— ACTION ITEM —
For the records below, print the lines from the line with "예) CAST (payment-date, DATE" through the line with "Description: Retro Design" exactly as written; include both end lines and exclude the rest.

— MATERIAL TO PROCESS —

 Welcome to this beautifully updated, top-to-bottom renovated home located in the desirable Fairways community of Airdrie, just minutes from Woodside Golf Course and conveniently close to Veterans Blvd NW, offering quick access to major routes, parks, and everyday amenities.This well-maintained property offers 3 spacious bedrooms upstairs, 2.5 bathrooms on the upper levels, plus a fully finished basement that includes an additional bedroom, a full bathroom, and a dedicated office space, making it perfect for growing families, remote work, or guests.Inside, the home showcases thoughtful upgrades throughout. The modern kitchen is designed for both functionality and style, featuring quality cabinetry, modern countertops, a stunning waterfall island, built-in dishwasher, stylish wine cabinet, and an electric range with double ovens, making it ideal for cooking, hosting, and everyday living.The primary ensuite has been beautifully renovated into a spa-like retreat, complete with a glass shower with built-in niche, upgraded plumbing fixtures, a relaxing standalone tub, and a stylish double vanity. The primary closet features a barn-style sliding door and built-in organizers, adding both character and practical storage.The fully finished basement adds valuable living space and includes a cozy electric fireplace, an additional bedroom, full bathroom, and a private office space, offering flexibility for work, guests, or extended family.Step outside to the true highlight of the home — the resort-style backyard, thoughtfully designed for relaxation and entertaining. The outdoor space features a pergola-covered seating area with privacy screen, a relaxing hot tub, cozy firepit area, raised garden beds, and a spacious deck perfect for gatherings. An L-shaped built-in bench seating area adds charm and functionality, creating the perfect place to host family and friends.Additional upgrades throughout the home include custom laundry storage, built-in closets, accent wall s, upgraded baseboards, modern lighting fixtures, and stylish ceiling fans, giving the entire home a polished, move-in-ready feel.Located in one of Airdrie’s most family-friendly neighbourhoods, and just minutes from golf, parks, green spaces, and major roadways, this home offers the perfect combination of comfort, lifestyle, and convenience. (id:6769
--
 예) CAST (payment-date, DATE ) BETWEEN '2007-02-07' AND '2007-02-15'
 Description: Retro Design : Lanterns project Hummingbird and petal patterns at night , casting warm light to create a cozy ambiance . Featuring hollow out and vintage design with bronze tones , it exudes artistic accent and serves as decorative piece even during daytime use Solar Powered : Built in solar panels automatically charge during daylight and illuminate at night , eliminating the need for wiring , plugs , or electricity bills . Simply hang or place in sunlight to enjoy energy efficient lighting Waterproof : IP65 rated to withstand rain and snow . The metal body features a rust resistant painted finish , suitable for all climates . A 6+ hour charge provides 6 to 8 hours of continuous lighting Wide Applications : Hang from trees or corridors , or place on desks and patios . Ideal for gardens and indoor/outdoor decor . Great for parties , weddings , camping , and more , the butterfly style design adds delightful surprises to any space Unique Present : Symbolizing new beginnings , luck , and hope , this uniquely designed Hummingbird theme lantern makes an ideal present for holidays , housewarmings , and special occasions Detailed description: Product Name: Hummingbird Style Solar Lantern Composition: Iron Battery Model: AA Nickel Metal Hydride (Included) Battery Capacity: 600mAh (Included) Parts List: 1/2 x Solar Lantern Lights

— OUTPUT BELOW —
 예) CAST (payment-date, DATE ) BETWEEN '2007-02-07' AND '2007-02-15'
 Description: Retro Design : Lanterns project Hummingbird and petal patterns at night , casting warm light to create a cozy ambiance . Featuring hollow out and vintage design with bronze tones , it exudes artistic accent and serves as decorative piece even during daytime use Solar Powered : Built in solar panels automatically charge during daylight and illuminate at night , eliminating the need for wiring , plugs , or electricity bills . Simply hang or place in sunlight to enjoy energy efficient lighting Waterproof : IP65 rated to withstand rain and snow . The metal body features a rust resistant painted finish , suitable for all climates . A 6+ hour charge provides 6 to 8 hours of continuous lighting Wide Applications : Hang from trees or corridors , or place on desks and patios . Ideal for gardens and indoor/outdoor decor . Great for parties , weddings , camping , and more , the butterfly style design adds delightful surprises to any space Unique Present : Symbolizing new beginnings , luck , and hope , this uniquely designed Hummingbird theme lantern makes an ideal present for holidays , housewarmings , and special occasions Detailed description: Product Name: Hummingbird Style Solar Lantern Composition: Iron Battery Model: AA Nickel Metal Hydride (Included) Battery Capacity: 600mAh (Included) Parts List: 1/2 x Solar Lantern Lights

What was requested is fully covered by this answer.